A third employee, engaged on a full-time basis as a brand partnerships manager, was underpaid a total of $18,119 over a 12-month period. The three workers have now received their back pay in full.

The Judgment

In handing down his judgment, Judge Manousaridis noted at [para 87]:

“The penalty should be set at a level that, having regard to the other circumstances of the case, should signal to employers who might be tempted not to inquire into their legal obligations as employers or not to comply with their legal obligations, particularly in relation to inexperienced workers, that there is a significant risk of being exposed to the imposition of a pecuniary penalty if they are to succumb to such temptation.”

He also described the contraventions of the relevant legislation at [para 132] as:

 “… serious and sustained contraventions of important provisions of the FW Act. In my opinion, substantial as the penalties I have assessed are, I am satisfied they are appropriate and proportionate to the contravening conduct.”

Comment from the Ombudsman

Fair Work Ombudsman Sandra Parker said in a Media Release that inspectors investigated the company after receiving complaints of underpayments from the workers:

“… Business operators cannot avoid paying lawful entitlements to their employees simply by labelling them as interns. Australia’s workplace laws are clear - if people are performing productive work for a company, they are legally entitled to be paid minimum award rates. Unpaid placements are lawful where they are part of a vocational placement related to a course of study … ”

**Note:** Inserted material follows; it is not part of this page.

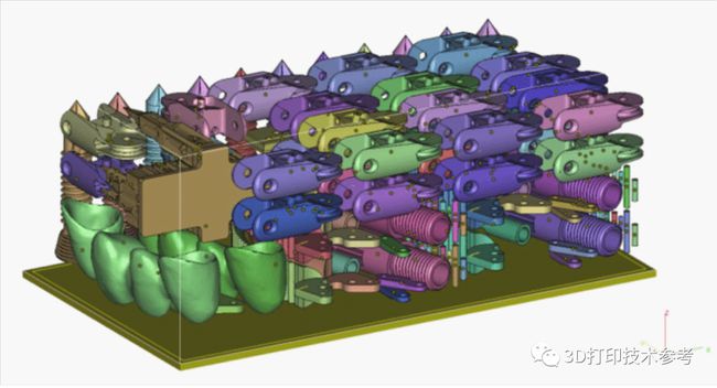 从打印过程的视频可以看出,材料为树脂和金属粉末的粘稠液体,类似浆料,但打印完成后却可以将材料整体取出,在对其加热后,非零件部分可以轻松与零件分离流出。

Previous Complaints against the Company

In 2016, NSW Fair Trading received several complaints about the online fashion store concerning the non-supply of goods and of the difficulty in making contact with the owner. At the time, NSW Fair Trading Commissioner, Rod Stowe commented:

“The complaints received mostly relate to accepting payment without supplying goods, not responding to requests to cancel subscriptions and not responding to contact from consumers about missing goods. In some cases, two monthly subscription payments were collected before any goods were delivered.”